Stored data entries:
======
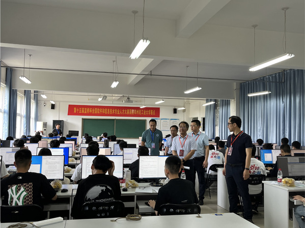 为推动新时代青年的高质量发展,培养青年科技人才,提升全球科技竞争力,近日,第十五届蓝桥杯全国软件和信息技术专业人才大赛全国总决赛(河南赛区)在我校成功举行。我校作为河南省唯一赛点,为来自全省的参赛选手提供了专业的比赛环境和周到的服务。周立明副校长现场指导竞赛工作,教务处、工程训练中心(创新创业学院)等部门负责人陪同指导。
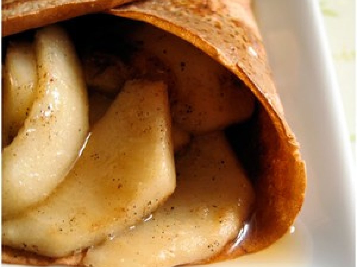 Crêpes à la farine de châtaigne, pommes chaudes à la cardamome
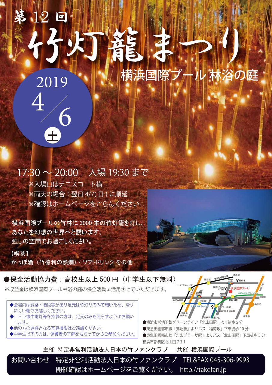 4月6日(土) 第12回竹灯籠まつり 横浜国際プール林浴の庭
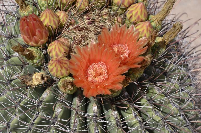Keywords: barrel cactus orange flower bloom desert garden nature plant green spike cacti
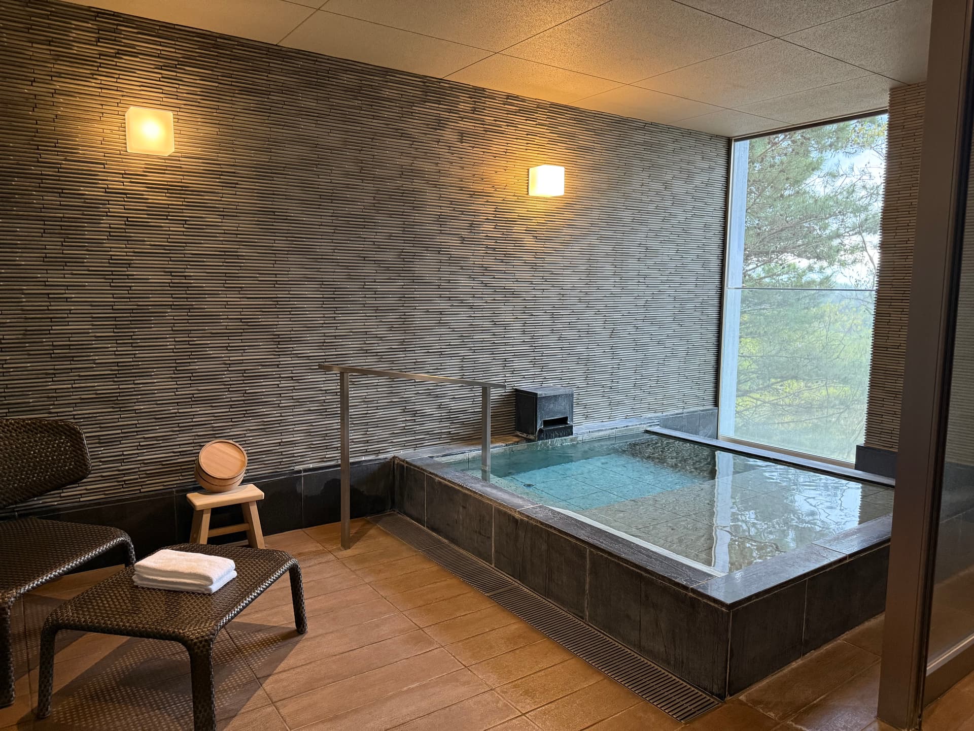 窗外就是几颗樱花树,可惜才刚刚开花。屋内的forest view温泉很棒,还可以躺下泡。酒店还贴心的提供了当地特色的饮料,啤酒还有零食。一边泡一边喝简直太爽了。
======
WHAT YOU HAVE TO DO.
All of the lines above should be copied exactly, apart from the pictures.

EXERCISE RESPONSE.
 为推动新时代青年的高质量发展,培养青年科技人才,提升全球科技竞争力,近日,第十五届蓝桥杯全国软件和信息技术专业人才大赛全国总决赛(河南赛区)在我校成功举行。我校作为河南省唯一赛点,为来自全省的参赛选手提供了专业的比赛环境和周到的服务。周立明副校长现场指导竞赛工作,教务处、工程训练中心(创新创业学院)等部门负责人陪同指导。
 Crêpes à la farine de châtaigne, pommes chaudes à la cardamome
 4月6日(土) 第12回竹灯籠まつり 横浜国際プール林浴の庭
Keywords: barrel cactus orange flower bloom desert garden nature plant green spike cacti
 窗外就是几颗樱花树,可惜才刚刚开花。屋内的forest view温泉很棒,还可以躺下泡。酒店还贴心的提供了当地特色的饮料,啤酒还有零食。一边泡一边喝简直太爽了。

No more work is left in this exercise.